The symptoms daytime sleepiness, difficulty concentrating, often awake at night, and lack of energy were used by all patients. The symptom daytime sleepiness varied the most (5.6 [SD 3.7]). This was followed by often awake at night (3.6 [SD 4.6]) and lack of energy (3.4 [SD 2.4]). The levels of severity of lifelike dreams, sleep paralysis, and feelings of anxiety or panic were changed the least (0.5 [SD 1.2], 0.4 [SD 1.0], and 0.3 [SD 0.7], respectively).

User Experience Questionnaire

Perspicuity was rated very high (mean 2.1 [SD 0.3]), whereas novelty of the approach received the lowest rating (mean 0.3 [SD 0.8]). Pragmatic quality had a mean score of 1.4, followed by attractiveness with a score of 1.0 and hedonic quality with a score of 0.5.

Interviews

A total of 7 interviews took place after which inclusion stopped because of saturation of information. The average interview time was 36 min, varying between 15 min and 66 min. During the interviews, we identified 3 major themes: (1) reasons to use, (2) usability, and (3) features. Table 3 shows illustrative examples of patients’ quotes matching these themes.

Table 3.

Examples of quotes matching the themes.

Theme and subtheme Quote
Reasons to use

Personal value for patients “Especially when one does not know what influences his or her complaints, the app could be a useful way to speed that process up.” (patient 7415)

Type of setting “I would be absolutely fine with using the app if my doctor would ask me to.” (patient 7376)
Usability

Ease of use “It is simple to use, but not to simple. People should be able to understand it, just shifting around with the icons and then push the send button.” (patient 7058)

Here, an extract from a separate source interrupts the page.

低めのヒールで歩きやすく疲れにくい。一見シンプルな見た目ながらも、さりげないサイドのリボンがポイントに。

Tutorial step “The first time I started using the app, it was unclear to me that I had to make changes every day. So, after putting all my symptoms in the app, I started using the comments to give my input.” (patient 7368)

Levels of subjective severity “With three categories, there is little room to vary in complaints. Because regardless whether I have a good day or a bad day, my main complaint is still ‘really a problem.’” (patient 7415)

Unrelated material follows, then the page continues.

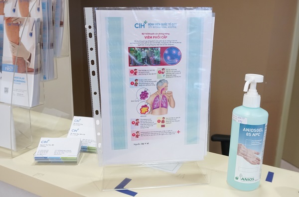 Trang bị các chai nước rửa tay tại mọi phòng khám, các khu vực hành lang
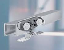 To reduce air- and smoke-tightness and sound insulation, brush seals are commonly used. Sliding doors in a modern wardrobe. The 'top hung' system is most often used. The door is hung by two trolley hangers at the top of the door running in a concealed track; all the weight is taken by the hangers, making the door easier to move. At each end is a track stopper to absorb any impact made if the door is slammed and to hold the door in the open or closed position. All top hung sliding door gear systems have a maximum weight limit per pair of trolley hangers. When specifying a suitable sliding system the estimated weight of the door is a critical factor, although most suppliers of sliding door gear can advise on door weights As the door is hung at the top from two points, it also needs a bottom track/stay roller[5] to prevent it from swinging sideways. The most common type is called 'clear threshold guiding', a floor-fixed plastic guide about 60mm wide which is fixed below the door at the midpoint of its run.

Icons “For me, the icons were clear and appropriate” (patient 5075)

Procedure for sending information “The thing that is a bit odd to me, is that is seems like that when you do not make any changes in the ranking, you cannot send the information. If I feel the same, I should not have to make any changes and be able to send it anyway.” (patient 7058)
Features

Symptoms “I suffer from headaches, which is more a consequence of a bad night or insufficient naps. It is not mentioned in the app, probably because it is to specific and not narcolepsy related, but for me it would be a valuable addition.” (patient 6695)

Comments “I did feel the urgency to explain fluctuations in my symptoms. Not only for my own learning, but also because I think it will add value for the doctor.” (patient 7415)

Visualization “The fact that I am not able to look back at the information that I have put in the app is not a very motivating factor.” (patient 7058)

Personalizing “...a sort of diary that follows your story and starts asking personalized questions.” (patient 7415)

Theme 1: Reasons to Use

The first theme was reasons to use that incorporates 2 subthemes: type of setting and personal value for patients.

  • Type of setting: Patients reported that the request of the treating physician would be enough to start and keep using the app. Participation in scientific research would be a good motivator as well. Patients rated the app as suitable for long-term use.

  • Personal value for patients: Patients referred to the app as a helpful means to get a speedier insight about how narcolepsy affects an individual and, as a result, finding ways to deal with the condition. The level of personal value would be influenced by the disease phase and the day-to-day variance patients experienced. A possible motivator for patients would be to have insight about the course of their own symptoms in terms of a visualization of their recorded data.

Theme 2: Usability

The second important theme we identified was the usability of the app. This theme comprised 5 subthemes:

  • Ease of use: Patients rated the Narcolepsy Monitor as being clear and user friendly and appreciated the layout of the app. All found that the use of the app was not time consuming. None of the patients experienced using the app as an emotional burden, although few participants saw some risk in being confronted with the disease on a frequent basis.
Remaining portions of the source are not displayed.